De crudo y púrpura, el cardenal de Lorena, con los brazos apoyados en los brazos de su sillón tapizado de terciopelo, observa intensamente a aquellos espectadores procedentes de diversos puntos de Europa y de las Américas, atento a cualquier signo de disidencia. Un hombre sin expectativas personales que ya ha protagonizado otros momentos críticos de cuyo control se vio apartado en el último momento, que obtuvo el arzobispado de Malinas a los treinta y cinco años y el capelo cardenalicio a los cuarenta y dos; una carrera aparentemente imparable hacia el Patriarcado de Occidente truncada para siempre por un cónclave adverso. Es consciente de que llevará muerto muchos años cuando se produzca el desenlace de la empresa que está iniciando en estos días, pero va a asegurarse de que su paso por la historia de la humanidad tenga consecuencias definitivas.

—No voy a extenderme. Ya ha pasado el tiempo de las palabras. A todos los presentes nos constaba hace tiempo que esta situación podía producirse y nos hemos estado preparando para cuando llegara este momento. A todos los presentes nos constan las amenazas que se ciernen sobre nosotros: el mecanicismo, los socialismos y el libertinaje… y que las tres se resumen en una sola: la herejía. Y a todos nos consta cuál es nuestra obligación ante Dios Padre. No podemos permitir que el último baluarte de la Santa Cruz se desintegre en esta época en la que el diablo ha salido de su cautiverio para sentarse a la mesa de los dirigentes de los Estados. No vamos a renunciar al Santo Oficio.

Resuenan las palabras bajo la bóveda oscura, fría y húmeda de la vieja bodega. Se esconden tras los enormes toneles de roble donde envejece el coñac. Se depositan en los anaqueles junto a las polvorientas botellas horizontales.

Mas resuenan los silencios.

—Ya sé que nos esperan innumerables escollos. De itinere deserti quo pergitur post turbamentum. Nos aguardan décadas, siglos quizá, de durísimas contingencias, de velar en silencio. Tenemos que reconstruir el armazón judicial, administrativo y ejecutivo de la Santa Inquisición en toda la cristiandad. Redistribuir los distritos. Dotarlos de hombres fieles, de instalaciones adecuadas, de comunicaciones seguras y raudas, de medios monetarios suficientes, de procedimientos ágiles y prudentes, pero implacables. De un férreo sistema de control por el cual sea este consejo el único órgano jurisdiccional en materia doctrinal y de gobierno interno. Una tarea colosal, cuyas dificultades se verán extremadamente acentuadas por la indefectible necesidad de actuar siempre en el más estricto de los secretos.
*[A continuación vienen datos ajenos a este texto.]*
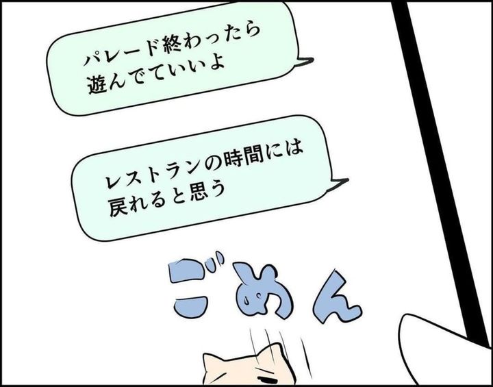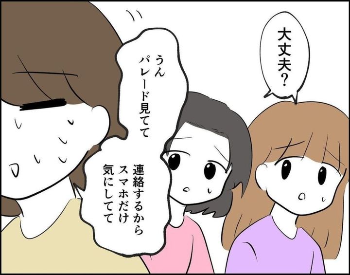 その後、無事に合流した3人はテーマパークへ入園し、パレードを見るための場所取りをします。パレードまでの2時間、軽食をとったり、おしゃべりしたりと、待ち時間を楽しく過ごしていました。ところが、徹夜明けのセミさんの体に異変があらわれます…。
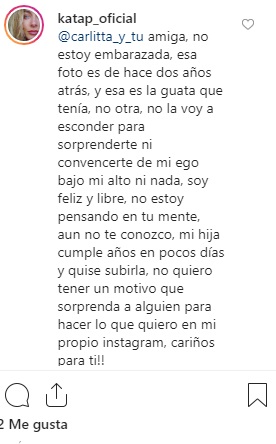 Ante esto, la ex 'Yingo' no dudó en responderle. "Amiga, no estoy embarazada, esa foto es de hace dos años atrás, y esa es la guata que tenía, no otra, no la voy a esconder para sorprenderte ni convencerte de mi ego bajo mi alto ni nada, soy feliz y libre, no estoy pensando en tu mente, aun no te conozco, mi hija cumple años en pocos días y quise subirla, no quiero tener un motivo que sorprenda a alguien para hacer lo que quiero en mi propio instagram, cariños para ti!!", dijo.
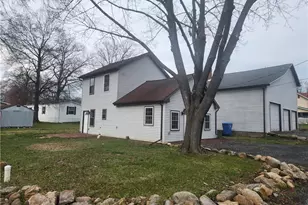 Charming detached two-story home with a separate two-story garage, offering a unique blend of residential living and investment potential. The home features a spacious living room, large dining area, and an eat-in kitchen. With 1.5 baths and two generously sized bedrooms, this residence has been thoughtfully updated and includes a range/stove, microwave, and refrigerator-all of which stay. Equipped with central air and a heat pump for year-round comfort. The detached garage is a standout feature, accommodating up to four vehicles with two single doors and one double door. The second floor includes five storage units, each approximately 14' x 8', providing excellent rental or personal storage opportunities. Live in the home while generating additional income by renting garage and storage spaces, or utilize the entire property for your personal needs. A fantastic opportunity for homeowners and investors alike!

A medida que se van agotando las fuerzas del cardenal, aumenta el brillo de sus ojos. En la misma proporción que disminuye el volumen de su voz, se hace más patente la resolución de sus palabras.

—Y, además, hemos de acostumbrarnos a convivir con la certeza de que ninguno de los presentes estaremos aquí para gozar del regreso de los tiempos en que vuelva a imperar la Gracia. La Alianza del Supremo y Santo Oficio que hoy nace seguirá existiendo aun cuando nuestros continuadores, y los continuadores de éstos, hayan abandonado este mundo. Nosotros nos marcharemos con el infinito tormento de haber transitado por el purgatorio… Hoy comienza una de las más cruentas guerras que se han librado en nombre del Señor. Los años interminables serán nuestro campo de batalla. Enterremos la acidia y la falsa misericordia. Nos han expulsado de los templos y de las plazas que legítimamente nos pertenecen, por lo tanto, tenemos que regresar a los subterráneos, adonde ya una vez nos relegaron. Seamos fuertes. El infierno nos espera.

Después de una pausa, el fiscal del consejo tomó la palabra.

De aquella primera sesión surgieron innumerables planes y disposiciones.

Entre ellas, el primer Auto de Fe In Abdito de la Alianza… Unos meses más tarde, el recientemente elegido papa Pío VIII fallecía por causas aparentemente naturales, convirtiéndose su pontificado en uno de los más cortos de la historia.